FULL RECOMMENDATION
INDUSTRIAL RELATIONS ACTS, 1946 TO 1990 SECTION 26(1), INDUSTRIAL RELATIONS ACT, 1990 PARTIES : DEPARTMENT OF EDUCATION & SKILLS - AND - IRISH MUNICIPAL, PUBLIC AND CIVIL TRADE UNION SERVICES INDUSTRIAL PROFESSIONAL TECHNICAL UNION DIVISION : Chairman: Mr Duffy Employer Member: Ms Cryan Worker Member: Ms Tanham |
1. Number of hours in a working week for Special Needs Assistant (Job Sharing)
BACKGROUND:
2. This dispute concerns the number of working hours for Job Sharing Special Needs Assistants (SNAs) in primary and secondary schools. This dispute could not be resolved at local level and was the subject of a Conciliation Conference under the auspices of the Labour Relations Commission. As agreement was not reached, the dispute was referred to the Labour Court on the 13th January, 2014, in accordance with Section 26(1) of the Industrial Relations Act, 1990. A Labour Court hearing took place on the 27th February, 2014.
UNION'S ARGUMENTS:
3 1 SNAs have always had access to the same job share scheme which was and still is available to teachers.
2 SNAs are the only group of Public Service workers who do not enjoy the full protections of the Haddington Road Agreement.
3 The Employer is seeking to change the nationally agreed hours for SNAs.
EMPLOYER'S ARGUMENTS:
4 1 An agreement between both sides has been in existence since 2004.
2 SNAs are paid in accordance with this agreement.
3 There is no reason why the pay rate should now be calculated in a different manner.
RECOMMENDATION:
The starting point for the Court’s consideration of this case is that any arrangement put in place must conform to the requirements of the Protection of Employees (Part-Time Work) Act 2001. Given that there appears to be variations in attendance hours of full-time SNAs between schools and between types of schools, a uniform attendance requirement for part-time job-sharers might not fully comport with that legislation. In that regard it seems clear to the Court that any arrangement which could require a job-sharer to work more than 50% of the hours actually worked by a comparable full-time SNA, for 50% of the full-time rate, would not comply with the Act of 2001.

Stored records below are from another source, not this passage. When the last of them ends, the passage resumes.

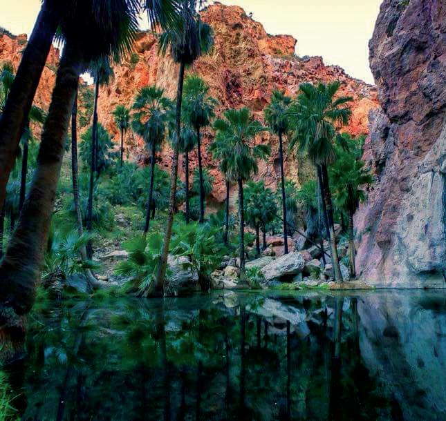 Sus senderos te invitan a admirar su vegetación y fauna fuera de lo común, con cactáceas y alguna que otra palmera perdida, los gorriones sonorenses revolotean y escucharas a sus ardillas chichimocos, las únicas de su especie que tienen cuerdas vocales y emiten un sonido que parece una risita humana.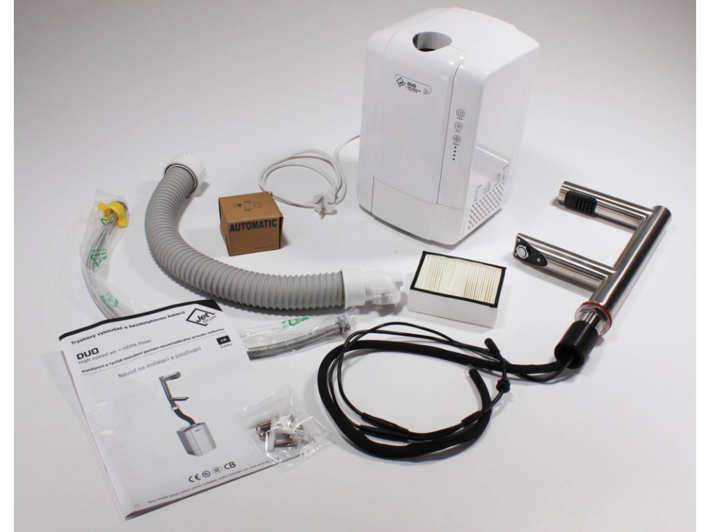 Inovativní design vysoušeče Jet Dryer DUO kombinuje tryskový vysoušeč s automatickou vodovodní baterií. Ruce si tak můžete pohodlně umýt i vysušit na jednom místě – přímo v umyvadle. Jet Dryer DUO je vybaven HEPA filtrem. Vodovodní baterie i vysoušeč je bezkontaktní pro maximálně hygienický provoz. Díky tomu, že má každé umyvadlo svůj vysoušeč, provoz na toaletách je plynulý a bez front.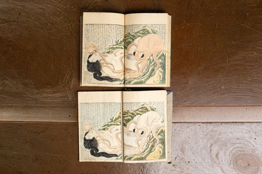 その1. 作品を後世へ―作品保護の取り組みとして、異なる版本の《蛸と海女》を特別公開葛飾北斎の艶本『喜能会之故真通(きのえのこまつ)』より、北斎の浮世絵春画の名作《蛸と海女》を期間限定(5月1日~5月10日)で特別公開します。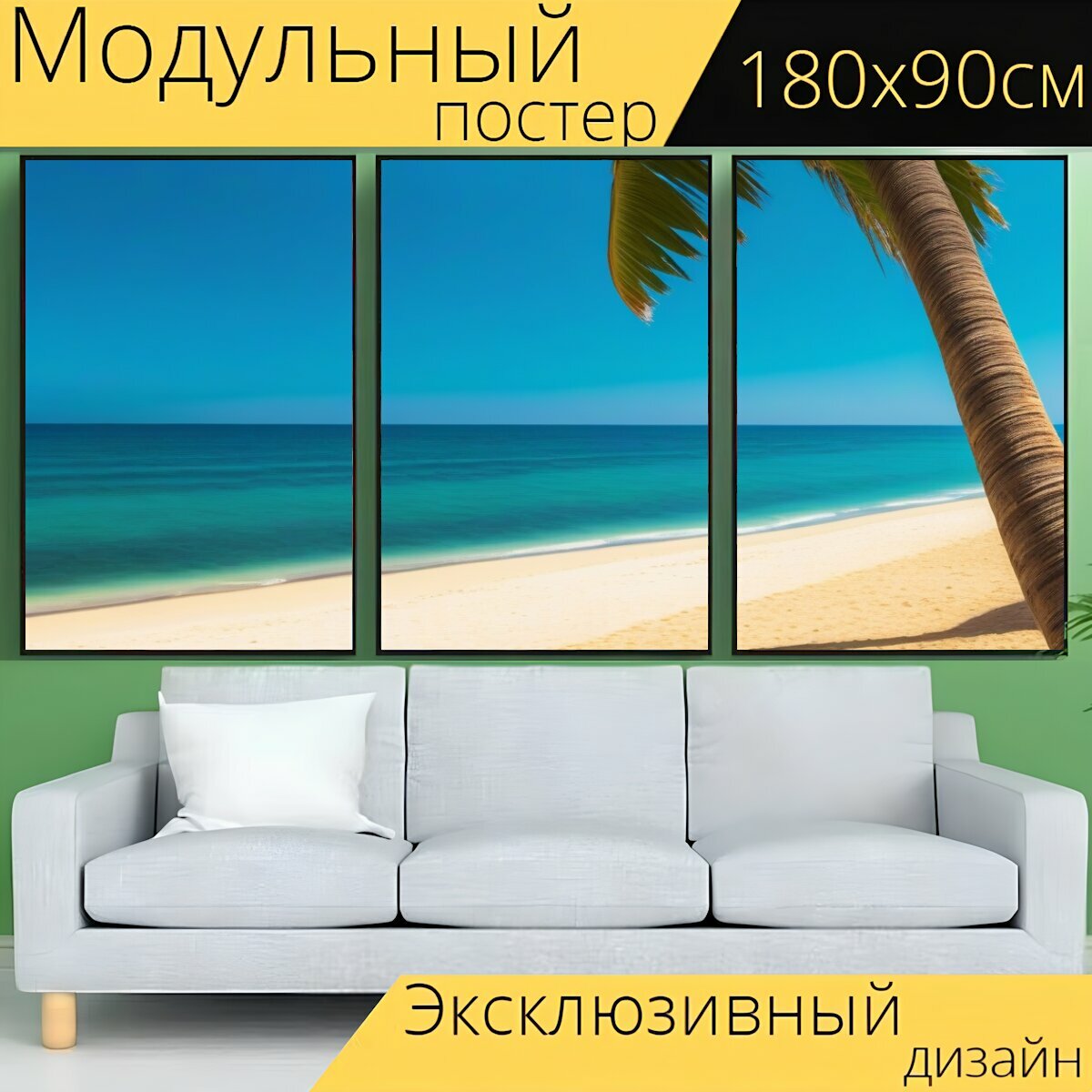Модульный постер "Серфинг на пляже с наклонной пальмой" 180 x 90 см. для интерьера на стену информация: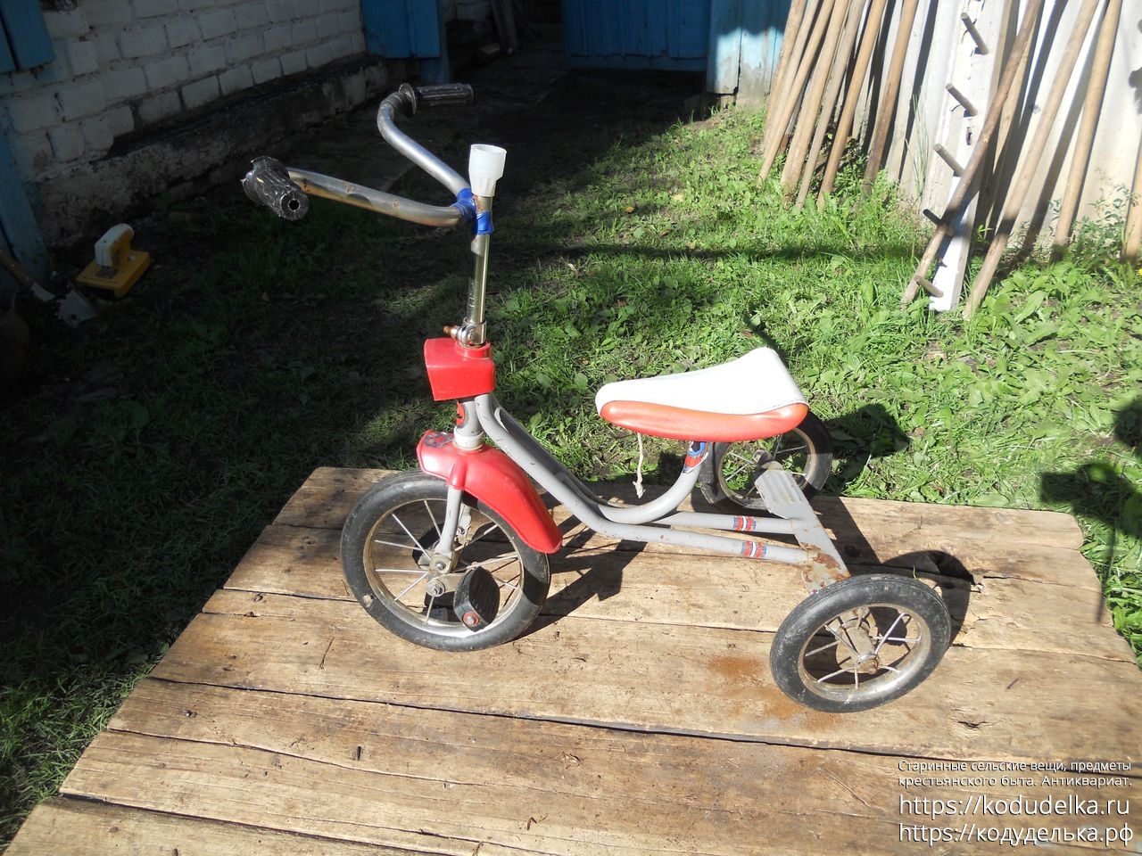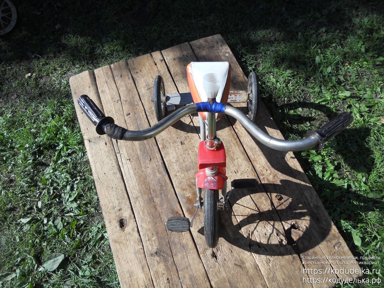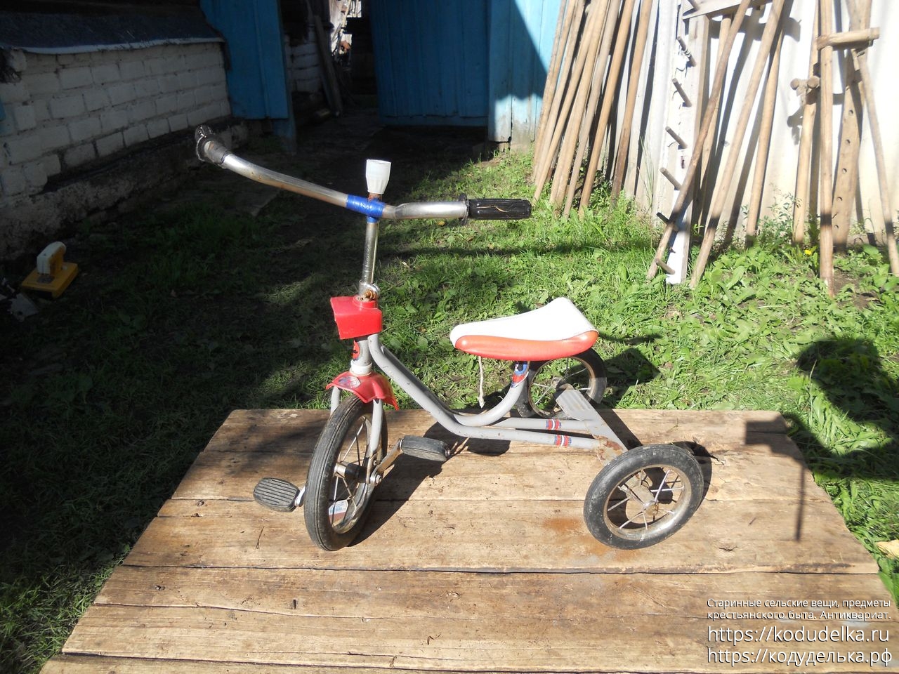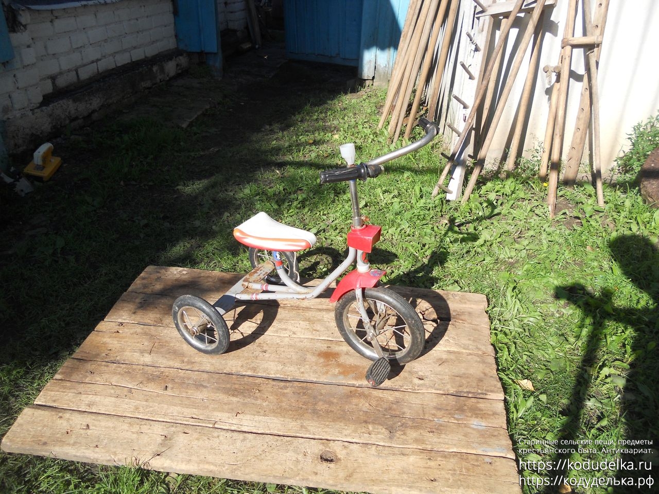 Советский детский трехколесный велосипед, модель определить не удалось, похожие есть по тэгам Пушок и Леопольд — но есть различия либо по седлам, либо по форме руля. Здесь у меня тоже нет гарантий, что седло родное, но выглядит органично.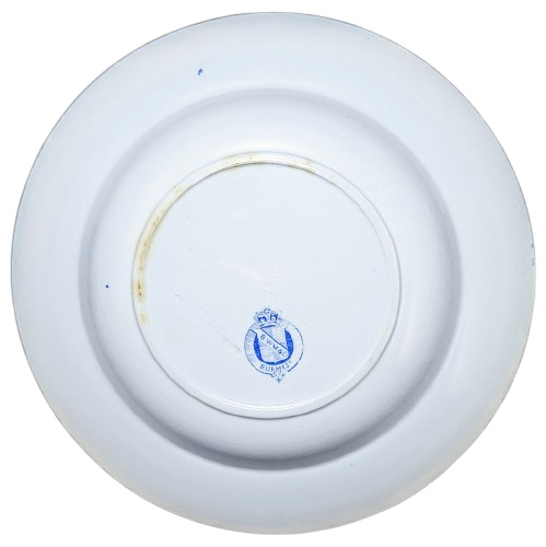 Soup plate, 9.5 inches diameter. Blue transfer. Printed and impressed maker's marks for Brown-Westhead, Moore & Co. The impressed registry diamond indicates a manufacture date of 23 January 1875. "Burmese" is a series of patterns characterized by cartouches filled with copies of Japanese art, especially woodblock prints. Here two cartouches, a horizontal scroll and a circle, are laid over a blooming prunus branch. The circular cartouche features an image of a figure propelling a sampan with a long pole across the water, with a row of A-frame houses in the background on the shore. The scroll cartouche features a man lying prone on the grass by a tree, while smoking a pipe while he gazes up at birds flying above.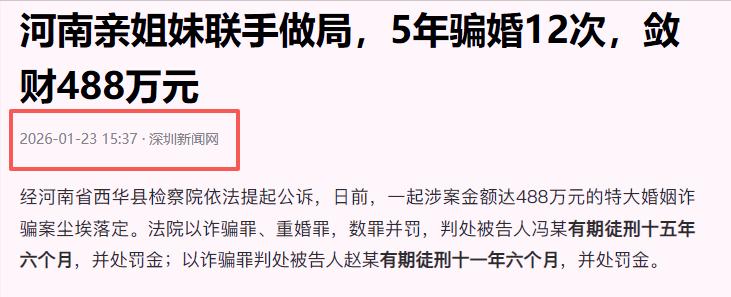 信源:深圳新闻网 2026-01-23 ,河南亲姐妹联手做局,5年骗婚12次,敛财488万元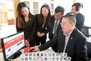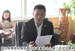 黨的十八屆三中全會(huì)勝利閉幕后,綠之韻集團(tuán)黨總支部、團(tuán)支部迅速行動(dòng)起來(lái),認(rèn)真學(xué)習(xí)、理解、領(lǐng)會(huì)和實(shí)踐“十八屆三中全會(huì)”精神,在集團(tuán)公司迅速掀起學(xué)習(xí)貫徹““十八屆三中全會(huì)”的熱潮。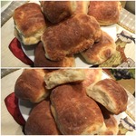 [+5]Делала с покупной рикоттой, упаковка как раз 250 г. Почитав комментарии, сахара положила не 50, а 150 грамм + 10 г ванильного, получилось очень сдобно, на мой вкус немного слаще, чем хотелось бы, так что в следующий раз положу чуть меньше, 120-130 г. Добавляла еще изюм, грамм 50, в принципе он же тоже сладость дает. Изюм в булочках понравился, хорошо сочетается. Муки добавила примерно столовую ложку сверх рецепта, казалось, что тесто все-таки липковато, и во время формовки подпыляла мукой, иначе прилипало к доске. Но в целом рецепт нехлопотный - замесила тесто и скрутила булочки быстро и без проблем. Отмерила первый шарик 60 г, а последующие на глазок - получилось 13 булочек. Смазала яйцом с молоком. Зарумянились и пропеклись за полчаса, поднялись и увеличились не очень сильно. Готовые дополнительно ничем не смазывала, может поэтому они не такие гладкие и глянцевые получились, с плотной и немного бугристой корочкой. На первый взгляд, честно говоря, подумала, что будут сухие и забитые и они действительно не такие воздушные, как дрожжевые булочки - мякиш более плотный, но достаточно пышный, мягкий и очень приятного творожно-рикоттового вкуса. Влюбилась в эти булочки с первого укуса, обязательно буду готовить еще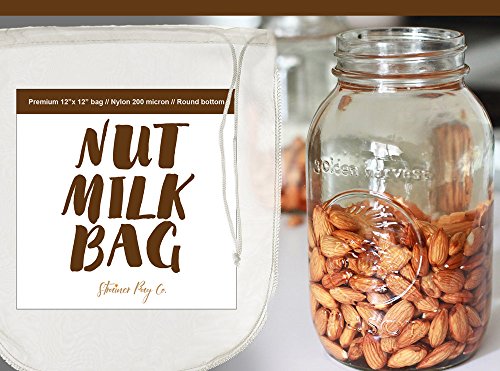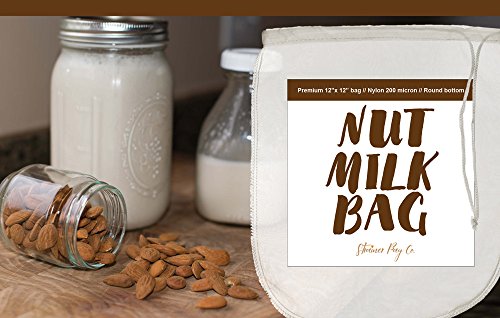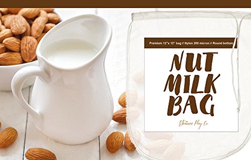 Strainer Bag Co Nut Milk Bag-Large 12"X12"-Reusable all purpose Food Strainer or Cold Brew Coffee Filter-Fine Mesh 200 Micron Nylon Bag-Free Recipe on back of Label + Free E-book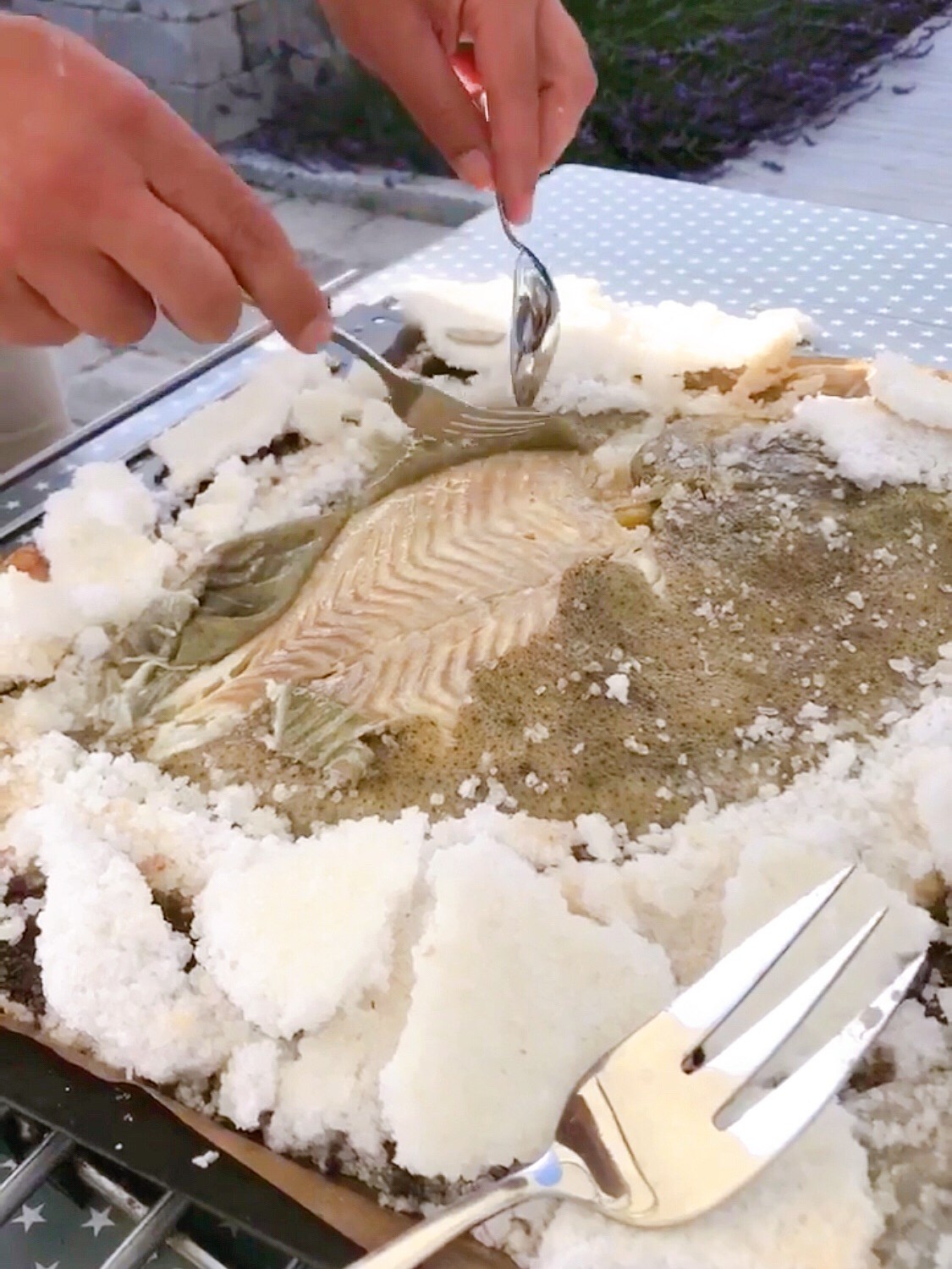 Sätt fisken på bordet och knacka upp och servera (som på videon på instagram) den framför gästerna.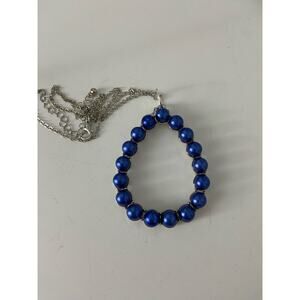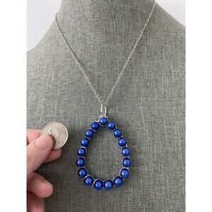 Cute Upcycled summer style blue faux pearl teardrop pendant necklace made with new material chain in good condition great for holidays going out parties gifting work vacation school art deco boho retro twee casual preppy glam grunge coastal grandmother cottage rave sustainable fashion Ravi Star Jewelry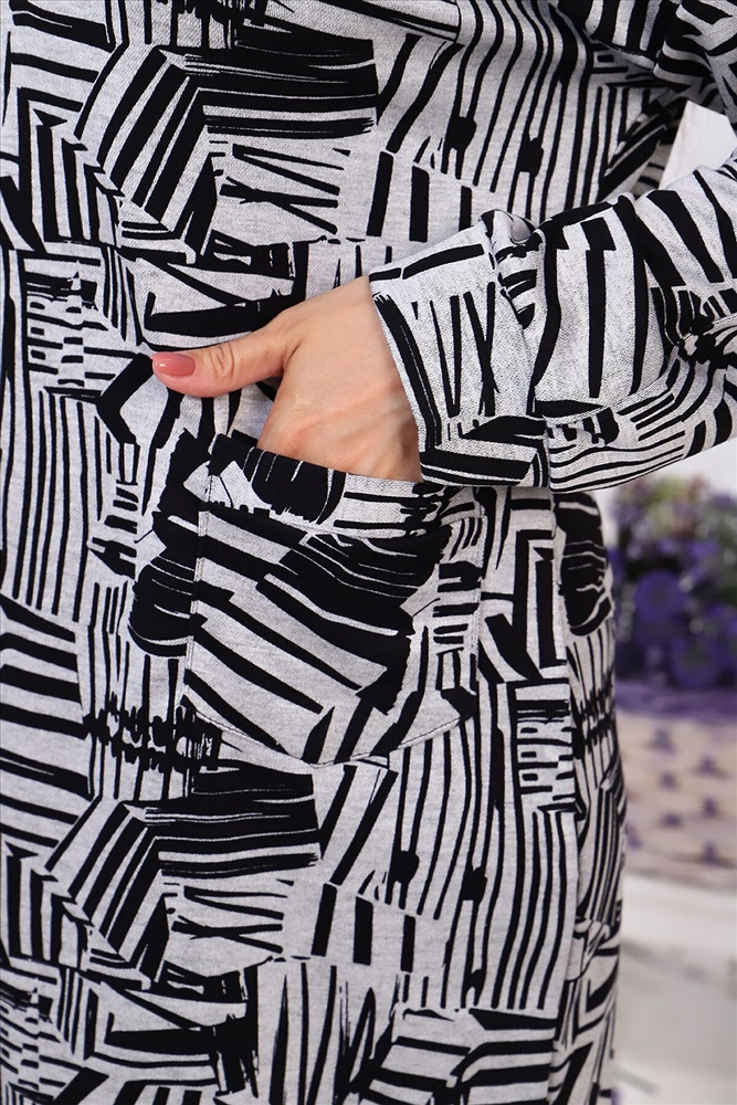 ID товара: 795914 Состав: 55% Полиэстер, 45 % Вискоза Сезон: Весна/Лето Фасон: Приталенный Рукав: Длинный Вид застежки: Молния Вырез горловины: Круглый Рисунок: Фантазийный Тип карманов: Накладные Основная ткань: Поливискон Страна бренда: Россия Страна производства: Россия Элегантное платье прямого силуэта, воротник стойка на молнии спереди. Длинный рукав на манжете. Легко, практично и удобно. Комментарии к товару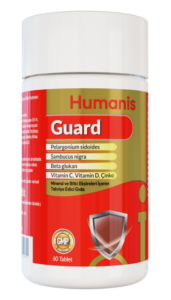 Humanis Guard; içerisinde bulunan Vitamin C, Çinko, Vitamin D3, Beta Glukan, Pellargonium Sidoides (Afrika Sardunyası), Sambucus Nigra (Kara Mürver) ve Çörek Otu ile bağışıklığınızın desteklenmesine yardımcı olur.
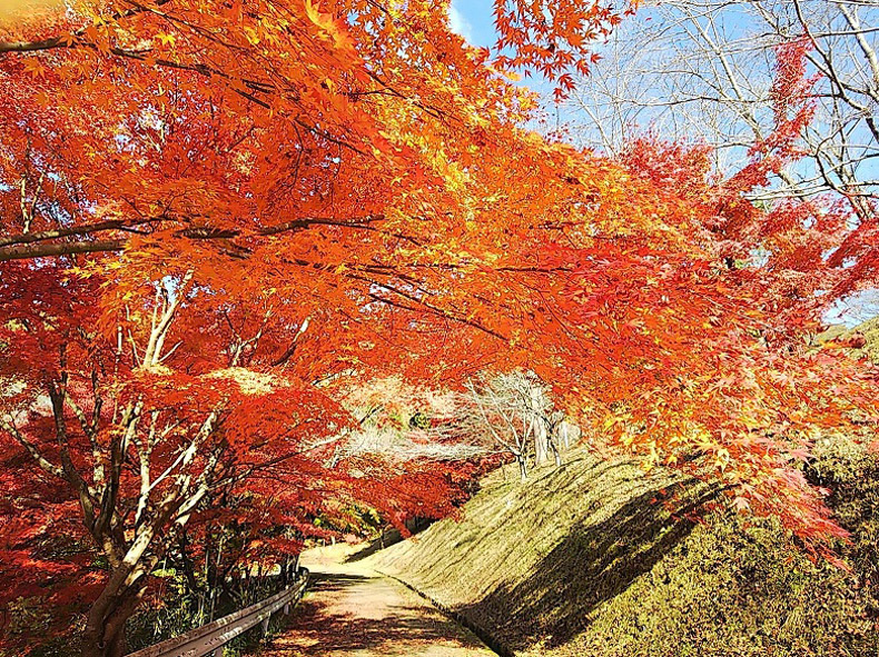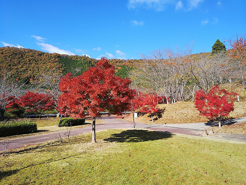 色鮮やかなもみじに囲まれながら公園内の道を通り抜けていきます。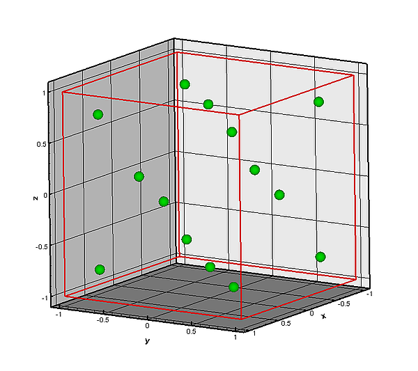 Так же, аналогично с квадратом, многие формулы интегрирования по кубу можно получить из формул интегрирования по отрезку, координаты узлов — это все возможные тройки координат одномерной формулы, а веса интегрирования — произведение соответствующих весов одномерной формулы.

The Court accepts that there is cogency in the agreement advanced by the Department to the effect that agreement on a fixed number of hours for job-sharers is a prerequisite to the effective administration of a scheme of the type envisaged. In that regard the Court is concerned that a recommendation in line with that sought by the Unions might result in the scheme envisaged being impracticable from an administrative perspective. In that regard the absence of any agreed understanding on what constitutes the normal working hours of a full-time SNA is a major impediment to resolving the issue now before the Court.
The Court is not satisfied that the difficulties articulated by both sides in the course of the hearing have been fully or adequately explored in conciliation. For that reason the Court believes that before those issues can be addressed in any recommendation that the Court may make, they should be explored more fully by the parties in conciliation.
The focus of further engagement between the parties should be directed at identifying how a system which is fully compliant with the Protection of Employees (Part-Time Work) Act 2001 could operate within the centralised administrative arrangements of the Department.
Accordingly, the Court recommends that the parties return to conciliation for the purpose set out above. If the matter cannot be resolved within a period of not more than three months from the resumption of conciliation it may be referred back to the Court for a definitive recommendation.
Signed on behalf of the Labour Court
Kevin Duffy
12th March, 2014______________________
CO'RChairman
NOTE
Enquiries concerning this Recommendation should be addressed to Clodagh O'Reilly, Court Secretary.